Yolanda laughed. “Our little brother tried that. With a home-made parachute.”
“Mostly it is believing you can,” the bishop continued his spiel. “Now most surfers start at the pulpit  and wait for a wave of incense to curl. You know the Lord’s prayer? Without that no angel will bother to lift you up.”
“Our Father, who art in heaven,” Elisa instantly intoned. Hell, how did it go again? Yes! “Hallowed be Thy name; Thy kingdom come.”
“That is enough,”  the bishop said. ‘You’re no doubt good Catholic girls.” He gestured to the interior of the church, the high stained-glass windows, the cupola with angels and grave saints. “Now this cathedral is clearly a nice big church but still way too small to fly any distance. What happens is that a gate opens just before you smash into the wall. When you surf you pass through all cathedrals of the world, buoyed by the prayers of the faithful. That is why Sunday morning is the best moment to jump off.”
He handed Elisa a small model of the church tower. It was only gilded balsawood she noticed, nothing like real gold like the little cases they kept the mummified toes and nails of holy men in. “You use this to steer, but no doubt the chaplain told you?”
“Like is attracted to like,” Elisa said. “The first law of magic. The tower searches for other church towers and pulls me across the Empyrean.”
While talking they had been climbing the steps of one of the unused pulpits in the back of the church, hoisting their unwieldy glass surfboards.

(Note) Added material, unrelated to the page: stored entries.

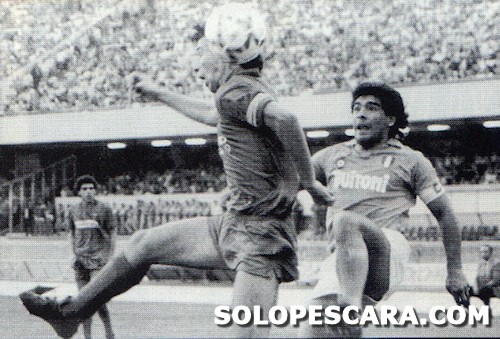 Primo Berlinghieri e Diego Armando maradona in Napoli - Pescara del 11 ottobre 1987.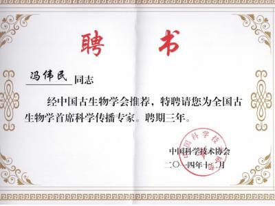 南京古生物所冯伟民研究员被聘为全国古生物学首席科学传播专家 (神秘的地球报道...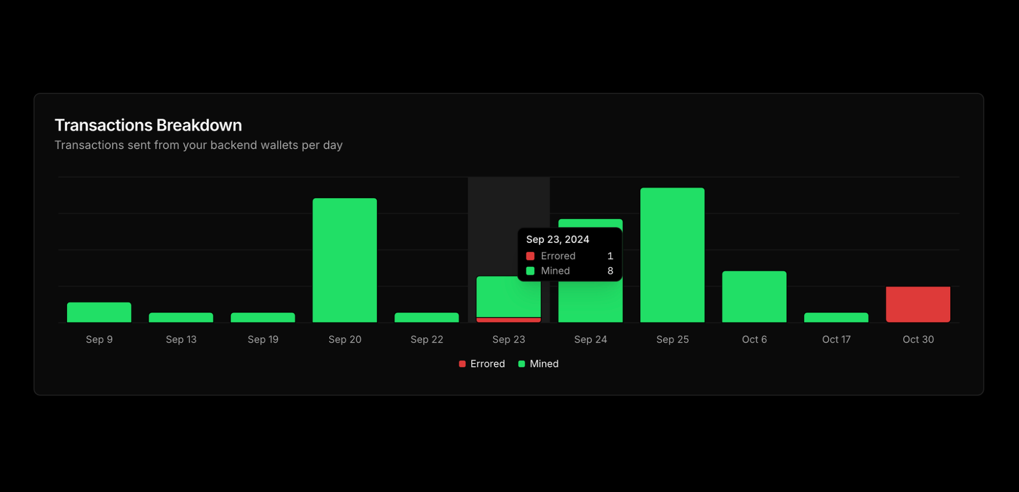 This chart shows a breakdown of transactions sent by your Engine's backend wallets by their status. This gives you an insight into the transaction volume and success/error rate trend at a glance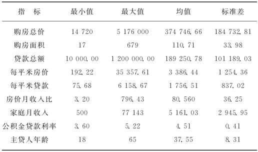 在基本信息基础上,本书设计指标“每平米房价”(简称“房价”)、“每平米贷款”和“房价月收入比”。“房价”是指居民所购买住房的每平米房价,由购房总价除以购房面积计算得到,代表房价高低。“每平米贷款”是指居民所购住房每平米的抵押贷款额,由公积金贷款金额加上商业贷款金额得到“贷款总额”,再除以购房面积计算得到,代表居民所购住房每平米抵押贷款的高低。“房价月收入比”是由购房总价除以贷款申请时的月收入(如果有合贷人,则为主贷人和合贷人的月收入之和),表示收入对家庭所购住房价值的影响。样本主要指标的描述性据统计结果如表5.1所示。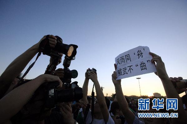 8月15日,北京天安門廣場降下半旗,向甘肅舟曲特大山洪泥石流遇難同胞志哀。這是一名男青年在天安門廣場手持寫有風雨同“舟” 威武不“曲”的紙張。 新華社記者 任正來 攝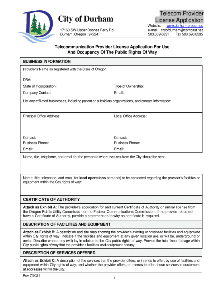 Este formulario es una solicitud para obtener una licencia de proveedor de telecomunicaciones para el uso y ocupación de los derechos de paso públicos en la ciudad de Durham, Oregon.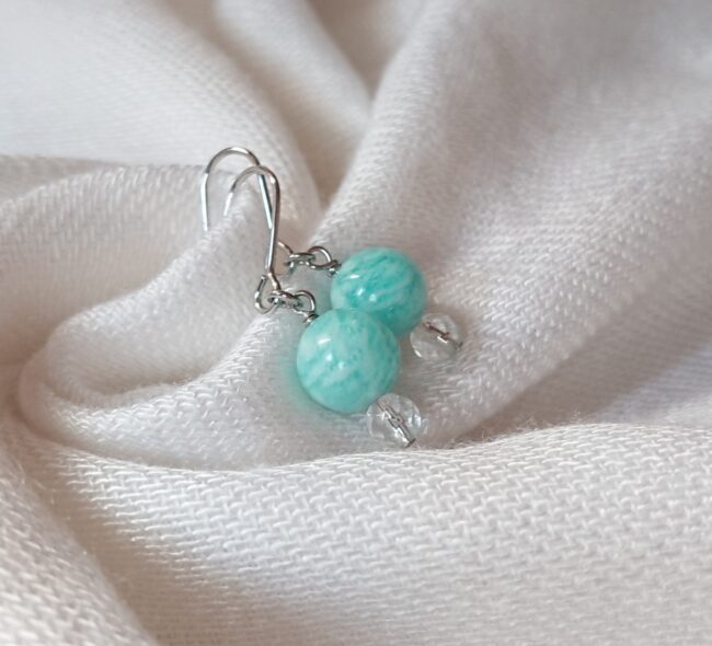 アマゾナイトとクリスタルのピアスです 霜降りのような模様がまた魅力的。さわやかなブルーのアマゾナイトは「希望の石」「行動の石」と言われています 迷いを取り去り、進むべき道へと導いてくれ、未来への希望をもたらせてくれます。…

Looking down she saw that most of the benches were now occupied by the faithful. An organ started to play and the voices rose in a familiar hymn. She echoed the words. The granite floor looked quite distant and extremely hard.

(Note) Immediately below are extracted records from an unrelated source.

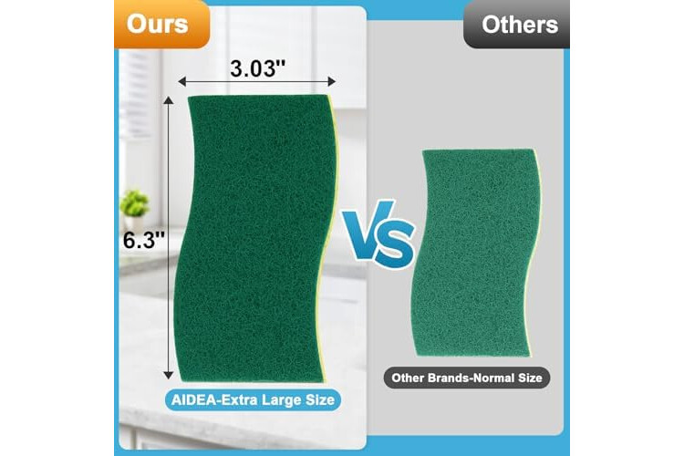 Extra-Large Size for Superior Cleaning Efficiency: AIDEA XL Sponges are Huge, outshining standard sponges; perfect for big pots, trays, and sinks; cover more area in less time, making cleaning faster and easier than ever!
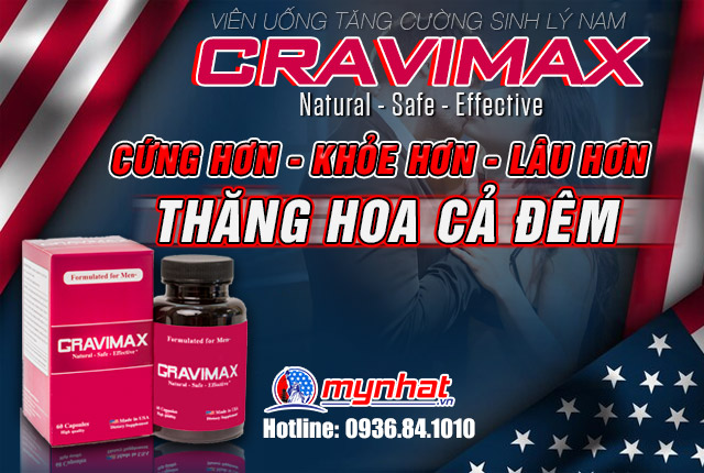 Cravimax là một loại thực phẩm chức năng có nguồn gốc từ Hoa Kỳ. Có tác dụng hỗ trợ nam giới tăng cường khả năng tinh binh, tăng cường sức khỏe và cải thiện tần suất khi quan hệ tình dục. Viên uống được bào chế từ nhiều loại thảo dược quý hiếm và qua quy trình chọn lọc kỹ lưỡng của các gia hàng đầu Hoa Kỳ để cho ra được viên uống có chất lượng tốt nhất đến với người tiêu dùng.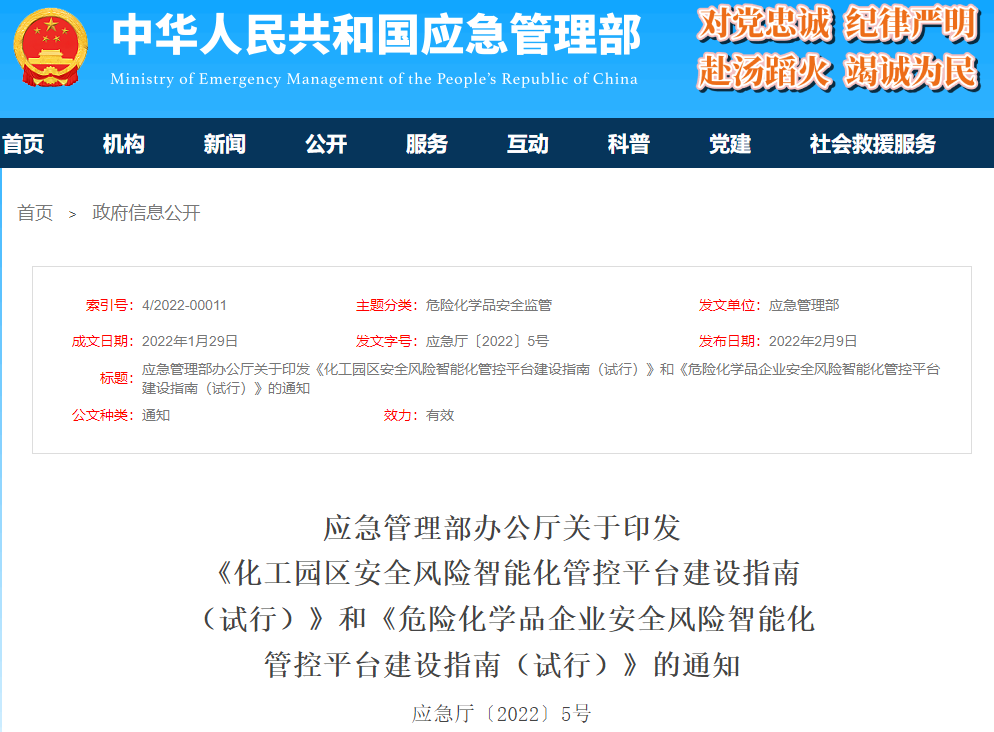 應(yīng)急管理部印發(fā)《化工園區(qū)安全風(fēng)險(xiǎn)智能化管控平臺建設(shè)指南(試行)》和《危險(xiǎn)化學(xué)品企業(yè)安全風(fēng)險(xiǎn)智能化管控平臺建設(shè)指南(試行)》,以指導(dǎo)化工園區(qū)和危險(xiǎn)化學(xué)品企業(yè)建平臺、用平臺,運(yùn)用信息數(shù)字等先進(jìn)技術(shù)手段強(qiáng)化安全風(fēng)險(xiǎn)防控能力,推動(dòng)化工園區(qū)、危險(xiǎn)化學(xué)品安全風(fēng)險(xiǎn)管控?cái)?shù)字化轉(zhuǎn)型、智能化升級。

It is now or never! Elisa told herself. “The last to jump is a rubber chicken!” she shrieked and threw her surfboard, jumping on it when it started to fall.

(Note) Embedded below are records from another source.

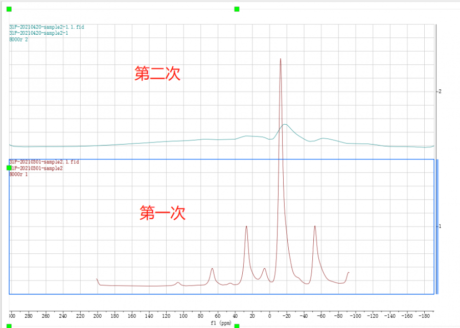 请教大家,我在做固体磷核磁的时候,同一个样品前后两次测试结果差别巨大,现在不清楚什么原因,据测试人员说是中间核磁设备布鲁克500M维修过一次,但前后测试条件完全一致,我想知道为什么峰高,峰位移会有这么大的差异?主要的原因可能有哪几点?第二次测试的数据还能用吗?催化剂VPO的固体磷核磁是看峰面积还是看峰高?谢谢 发自小木虫IOS客户端 |
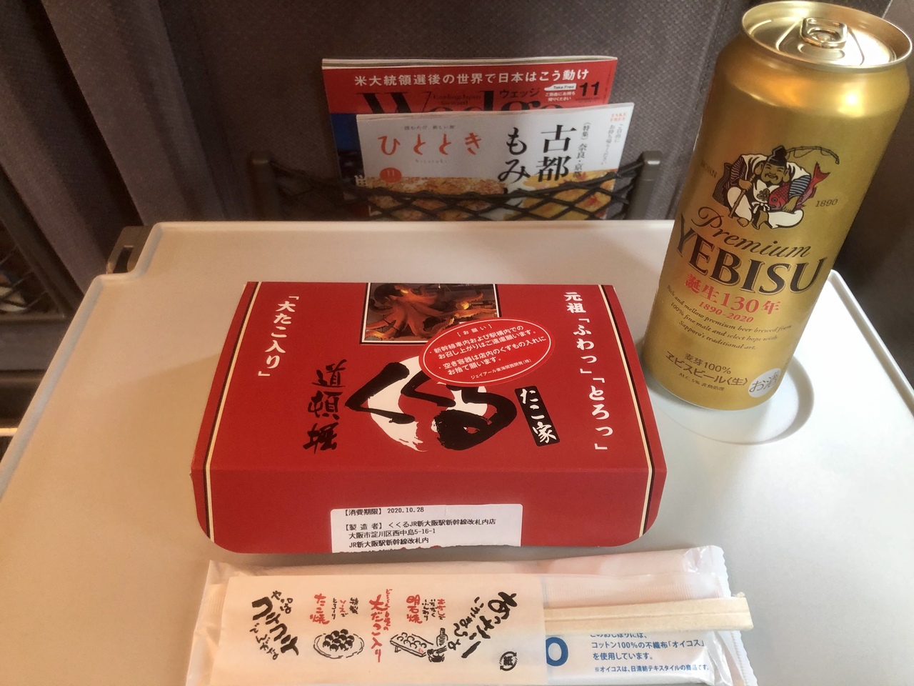 ビールと一緒にグリーン車内でゆったりといただきます。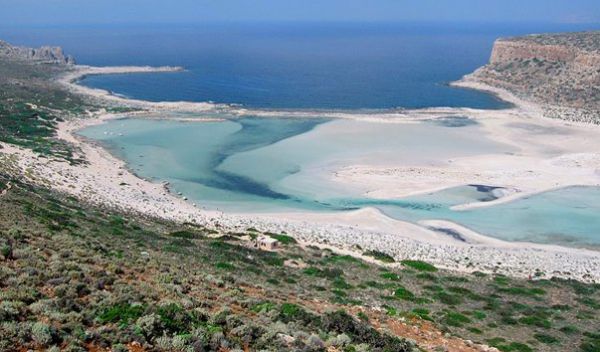 Поистинне райское место для отдыха в Греции - это бухта Балос на северо-западном побережье Крита, там, где берег омывается сразу тремя морями: Эгейским, Ливийским и Ионическим. На Балос можно доехать на машине (лучше джипе, так как дорога сложная), или, что проще, но красивее - на корабле, и заодно полюбоваться на эту бухту с моря. Особо примечателен прекрасный пляж бухты Балос, очень любимый туристами. Пляж Балос, расположенный в 60-ти км от города Ханья, считается самым красивым пляжем региона. Находится пляж в северо-западном краю острова Крит, на полуострове Грамвуса.Пляж дикий, не имеет практически ничего, кроме потрясающих берегов и великолепного и чистого моря. Найти шезлонги или хотя бы лежаки практически невозможно, но в это есть и своя прелесть.Вода бухты насыщена уникальным составом минералов, которые образуют необычайное явление лазурной воды. Ученые подсчитали, что в водах бухты насчитывается порядка 14-ти оттенков. Стоит подчеркнуть, что именно данный пляж считается самым красивым на всем Средиземноморье - не зря ведь принцесса Диана и принц Чарльз избрали именно это место для своего медового месяца.

‘Hallowed be Thy name!” she bellowed and the board rose just before she would smash on the ancient tombstones that made up the floor.
An immense tunnel opened up, glittering with gold and jewels, Marias without number flashed past, Saint Anthony in sandstone and wood, in humble plaster…
All the churches of the world, Elisa thought, like hollow beads on a string.
“Deliver us from evil!” she heard her sister cry and she raced past Elisa, drenching her in sandalwood and  incense. The Westminster cathedral, the twin towers of Rouan, the Sagrada Famila. They swept to the right and now the churches were Eastern Orthodoc, with walls made of icons and red sandstone pillars.
“Look at it!” Yolanda cried. “That is the Saint Basil in Moscow!” But it lay already behind them.  “Say,” her sister said. ‘Did you see the bishop’s face? He clearly hated having us surf in his church. But  it is like stately homes. Someone has to pay for the upkeep. Which is why we had to put ten dollar each in the collecting tin.”
They were slowing down, fast losing their velocity. The churches had become temples, turning stranger and stranger. No saints or virgins but leering masks and potbellied gods.
Elisa’s surfboard hit the floor, skidded across the parquet. The walls were lined with silk hangings, more buddhas than even in a garden center. The air was so cold her breath came in tiny snowflakes.
“O no,”  Yolanda whispered. “Not again…”
Scowling monks surrounded them, carrying rather big sticks.
“I told you, girl, ” the abbot rumbled and gestured to a burly monk with a cudgel. “Break their disrespectful boards and let them walk home.”